- HOW TO COMPLETE THIS TASK -
Quote the material exactly from the line that contains "This cute, budget-friendly" through its last line. Any pictures are to be left out.
*** GIVEN INFORMATION ***
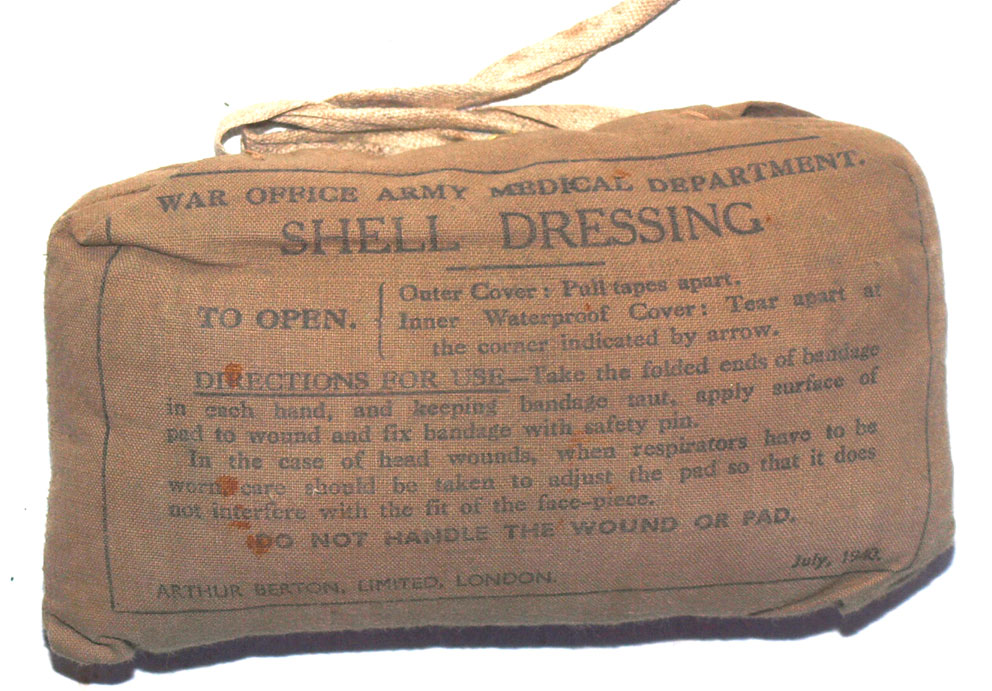 This dressing was designed to be used immediately after injury, the outer contained a large bandage and cotton wool pad which were more suitable for the larger injuries caused by modern munitions than the First Field Dressing.
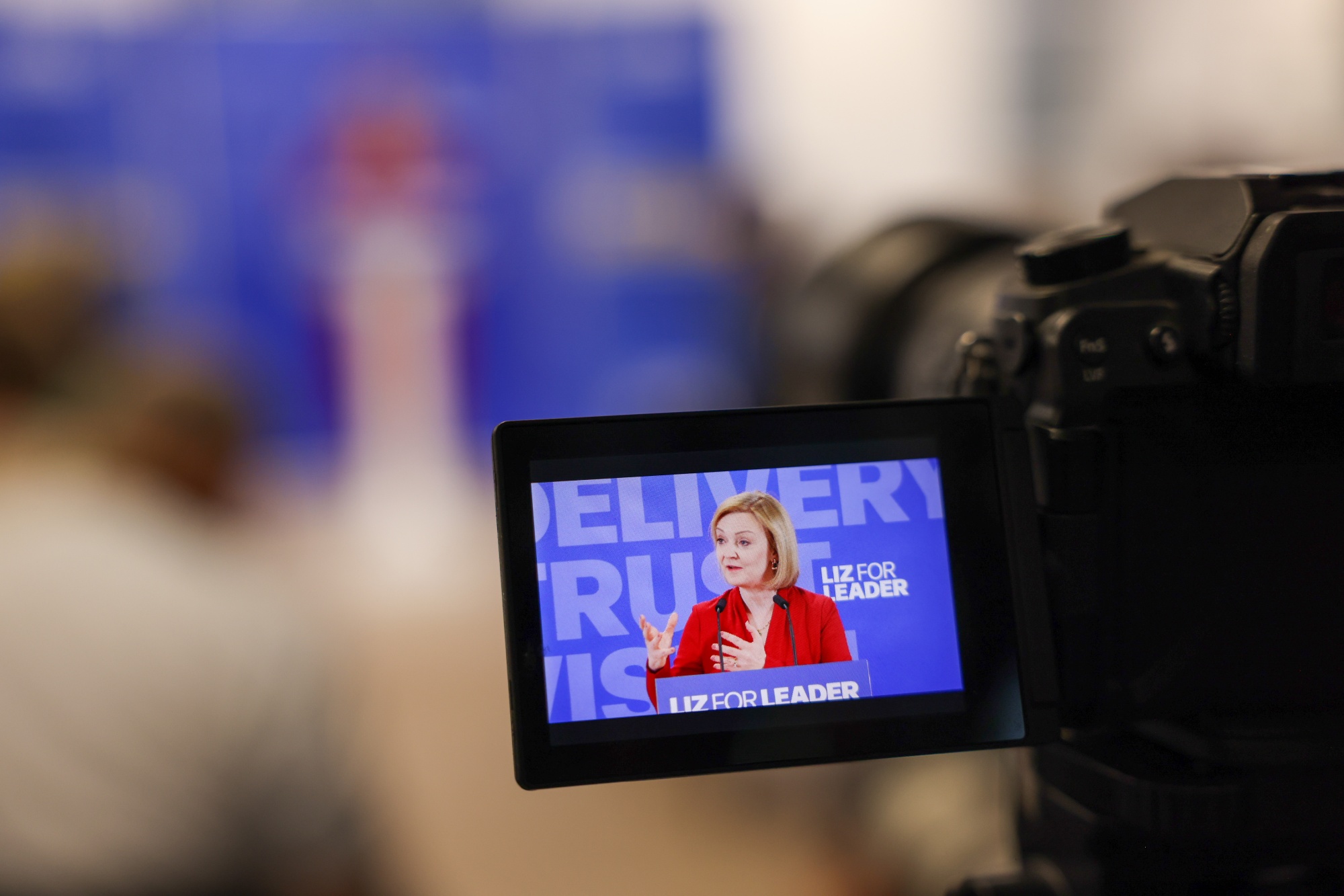英国外交大臣利兹·特拉斯在她的领导竞选发布会上。摄影师:Hollie Adams/Bloomberg### 刚刚发生了什么
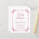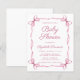 This cute, budget-friendly baby girl shower invitation blends a minimal aesthetic with a touch of vintage charm, featuring a soft pink frame adorned with delicate watercolor ribbons and coquette bows. The words "Baby Shower" and the name of the mother-to-be are showcased in an elegant pink script, while the shower details are presented in clean, simple pink lettering, creating a timeless and stylish design.
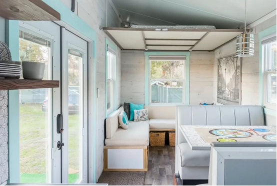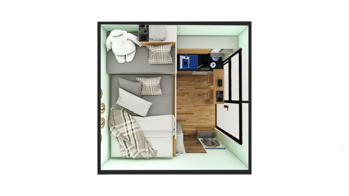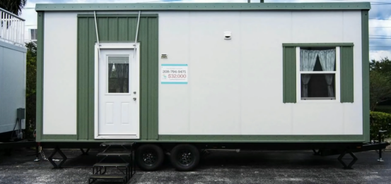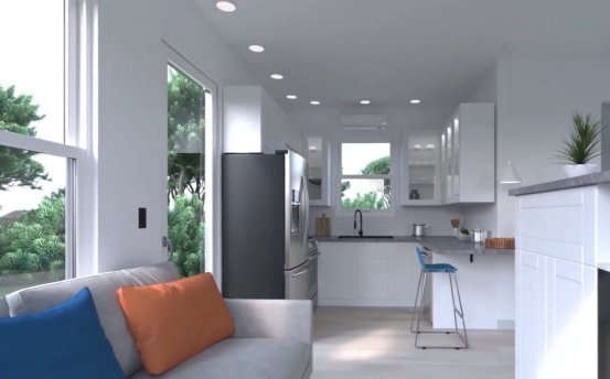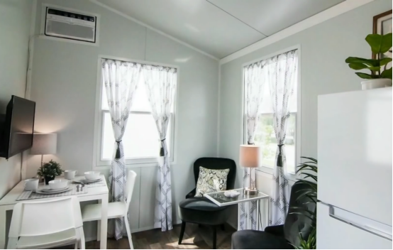 Core Housing的主要房屋是拖车房屋,房屋建造在平板拖车的上方,房屋板材采用复合彩钢板进行建造,整体形状为长方形,屋面为单坡屋面,像一个坡屋面的集装箱房,坡屋面额外多出来的区域做了吊挂式的床。这款房屋主要面向低收入人群,单个房屋约为3.2万美金一套,包含一个卧室,一客厅和一个卫生间。
*** End of GIVEN INFORMATION ***
- ANSWER AREA -
 This cute, budget-friendly baby girl shower invitation blends a minimal aesthetic with a touch of vintage charm, featuring a soft pink frame adorned with delicate watercolor ribbons and coquette bows. The words "Baby Shower" and the name of the mother-to-be are showcased in an elegant pink script, while the shower details are presented in clean, simple pink lettering, creating a timeless and stylish design.
 Core Housing的主要房屋是拖车房屋,房屋建造在平板拖车的上方,房屋板材采用复合彩钢板进行建造,整体形状为长方形,屋面为单坡屋面,像一个坡屋面的集装箱房,坡屋面额外多出来的区域做了吊挂式的床。这款房屋主要面向低收入人群,单个房屋约为3.2万美金一套,包含一个卧室,一客厅和一个卫生间。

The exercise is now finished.